Князь вздыхал и почесывал себе переносицу.

— Да вы, ваше сиятельство, упомнили, — шепнул однажды при допросе услужливый Ушаков, — вам руки развязаны — последний-то указ… в нем говорится о высшей строгости, о розыске с пристрастием.

— Айв самом деле! — смекнул растерявшийся князь, вообще не охотник до крутых и жестоких мер. — Попробовать разве? Хуже не будет!

— Именем ее величества, — строго объявил фельдмаршал коменданту в присутствии пленницы, — ввиду ее запирательства — отобрать у нее все, кроме необходимой одежды и постели, слышите ли, все… книги, прочие там вещи, — а если и тут не одумается — держать ее на пище прочих арестантов.

Распоряжение князя было исполнено. Привыкшей к неге и роскоши, избалованной, хворой женщине стали носить черный хлеб, солдатские кашу и щи. Она, голодная, по часам просиживала над деревянною миской, не притрагиваясь к ней и обливаясь слезами. На пути в Россию, у берегов Голландии, где эскадра запасалась провизией, арестантка случайно узнала из попавшего к ней в каюту газетного листка все прошлое Орлова и с содроганием, с бешенством кляла себя за то, как могла она довериться такому человеку. Но явилось еще худшее горе. В комнатку арестантки, сменяясь по очереди, с некоторого времени день и ночь становились двое часовых. Это приводило арестантку в неистовство.

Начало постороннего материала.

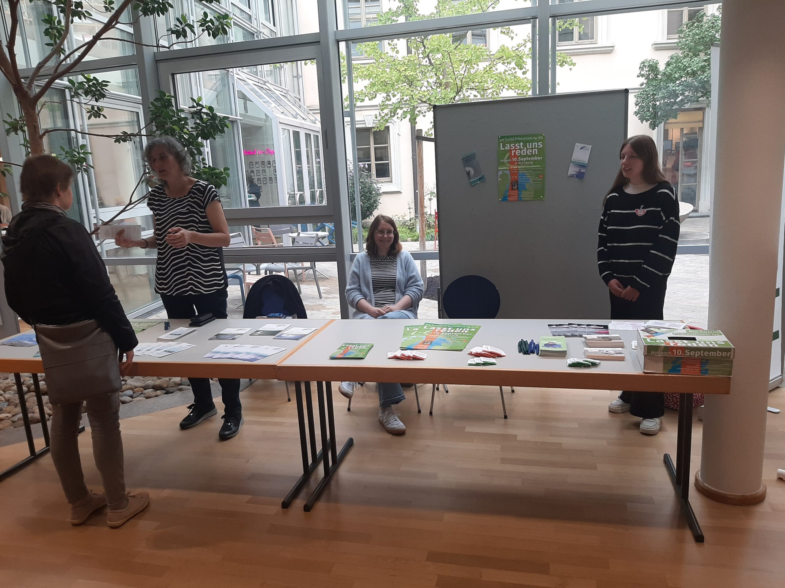 Tagsüber laden Infostände in der Stadtbücherei und vor dem Gesprächsladen zum Gespräch und zur Information ein. Anschließend gibt es in der Augustinerkirche ein „Zwischenraumritual“.

— Покайтесь, — убеждал, навещая ее, Голицын, — мне жаль вас, иначе вам не ждать помилования.

— Всякие мучения, самое смерть, господин фельдмаршал, все я приму, — ответила пленница, — но вы ошибаетесь… ничто не принудит меня отречься от моих показаний.

— Подумайте…

— Бог свидетель, мои страдания падут на головы мучителей.

— Одумается, ваше сиятельство! — шептал, роясь при этом в бумагах, Ушаков. — Еще опыт, и изволите увидеть…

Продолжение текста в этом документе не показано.